Brodalumab significantly improved psoriatic arthritis at week 12 compared with placebo, as measured by the primary end point — 20% improvement in the American College of Rheumatology response criteria (ACR 20). Rates of 50% improvement were also significantly higher in the treatment groups. Efficacy continued throughout the extension period, but improvement ceased or declined near the end of the extension in patients who had received 280 mg from study onset. Changes in methotrexate or corticosteroid doses during the study were not mentioned. This study did not assess the response of associated skin disease. Serious adverse reactions occurred in 3% of the patients on active drug versus 2% of those on placebo.

Comment

Brodalumab improvement scores compare to those of other currently available agents. Adverse reactions were uncommon and occurred in roughly equal numbers of active treatment and placebo recipients. However, this study was not designed to assess safety, as its numbers are small. These results suggest that brodalumab may well become available as a new therapy for our patients with psoriatic arthritis.

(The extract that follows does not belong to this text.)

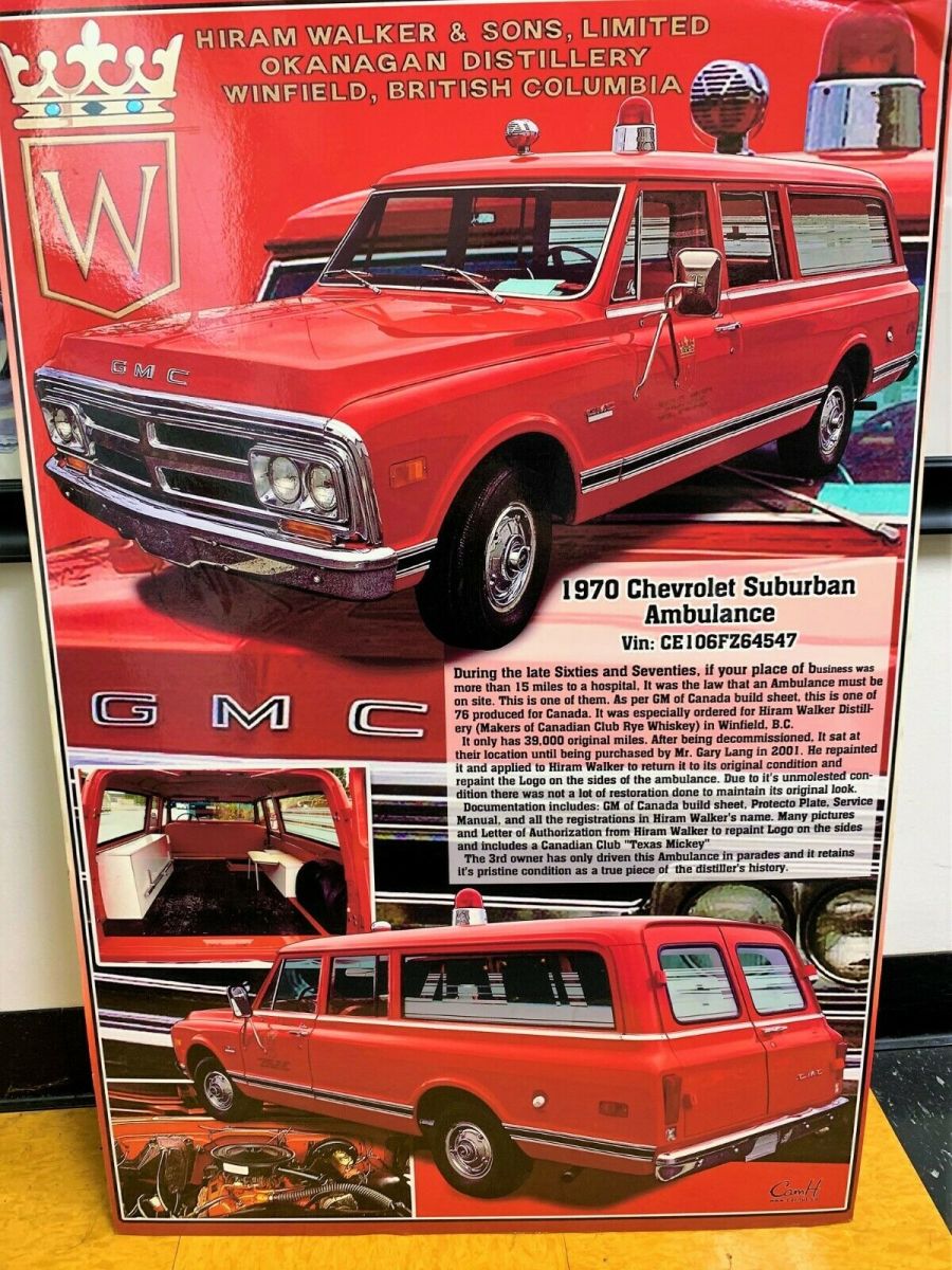 RELISTED DUE TO NONPAYMENTHERE A SECOND CHANCE TO GET THIS BEAUTIFUL SUBURBAN1970 GMC Suburban.THE SUBURBAN HAS LESS THEN 41,000 MILES ON ITAs per the GM of Canada Build Sheet, this is one of 76 produced for Canada. It was special ordered for Hiram Walker Distillery (Makers of Canadian Club Rye Whiskey)in Winfield, B.C. It only has 39,559 original miles (title reads exempt). After being decommissioned, it sat at their location until it was purchased in 2001. Due to its unmolested condition, little work was needed to maintain its original look 350 CU. IN . V-8 ENGREAR AXLE 373 RATIOPOWER STEERINGBLOCK HEATERFRONT STABILIZER EQRED CUSTOM CLOTH TRREAR POI TRASTIONTURBO HYDRA-MATICBRAKE BOOSTER EQMODEL CE15906 Rare Hiram Walker ambulance a steal of a deal The Hiram Walker distillery has a strong connection to the car industry dating back to 1904.The first Ford of Canada factory was built in Walkerville, Ont., a town that was built, named and run by Hiram Walker. In 1910, Studebaker set up a plant there and produced all of the right-hand drive vehicles that were exported to the United Kingdom and the British Commonwealth Countries. Soon, General Motors and Chrysler set up their Canadian plants in Walkerville.When Hiram Walker decided to move to the West Coast, they picked Winfield in the Okanagan. Construction began in 1969 and by the time it was completed the Winfield distillery was one of the largest in the country.During the 1960s and 1970s if a business was located more than 24 km from a hospital it was a requirement that business facilities with a certain number of employees had an ambulance on site.The pictured, beautifully restored GMC Suburban ambulance is the one ordered by the distillery to meet the requirements. A total of 76 special order ambulances were built in 1970 at GM’s Flint, Mich., plant for the Canadian market. This particular example was shipped on May 15, 1970, to be delivered by Carter Motors in Kelowna.The ambulance was used at the Winfield distillery until it closed in 1995, during which time it covered a total distance of 39000 miles. I doubt that all of those mile were used for emergency trips to Kelowna General, since if they were, that would amount to 1,083 round trips or once every 11 days.The ambulance was purchased in 2001, requiring a simple restoration and a fresh coat of paint to bring it back to its almost-as-new condition.I spotted painted the gold logo on the door which immediately caught my eye.I thought lot about the sale price of this piece of Canadian history. Hiram Walker the company logo on the front doors. I WILL BE OPEN TO OFFER YOU CAN CALL ME AT 734-216-7849 ERICtext for walk around video of truck will not find much nice of a truck for 50 years oldwas repaint in 1990s by the distillery i was toldWILL ACEPTWire transfer with time to clear or cash . This vehicle is sold As Is /Where Is, no warranties expressed or implied. The Buyer or his agent is encouraged and given every opportunity to inspect the vehicle. Funds must clear the Seller’s bank prior to Buyer taking possession 1960 1961 1962 1963 1964 1965 1966 1967 1968 1969 1970 1971 1972 1973 1974 1975 1976 1977 BLAZER CHEVY CHEVROLET |

  • Disclosures for Jeffrey P. Callen, MD at time of publication Consultant / Advisory board XOMA; Eli Lilly Equity Various trust accounts Editorial boards JAMA Dermatology; UpToDate; Journal of Rheumatology; Psoriasis Forum; Journal of Drugs in Dermatology; eMedicine

Citation(s):

Reader Comments (2)

ebrahimi ali asghar Physician, Rheumatology, Tabriz- IRAN ( Emam Reza theaching Hospital)

Thanks for your nice & new work about old disease( psoriasis).
please let me tow Q:
1- Your cases were advanced or new Psoriasis
2- what about serious adverse reactions

Dr. Malik, MD Resident, Cardiology, Foundation University College

Great new prospect in psoriasis but still needs some work done.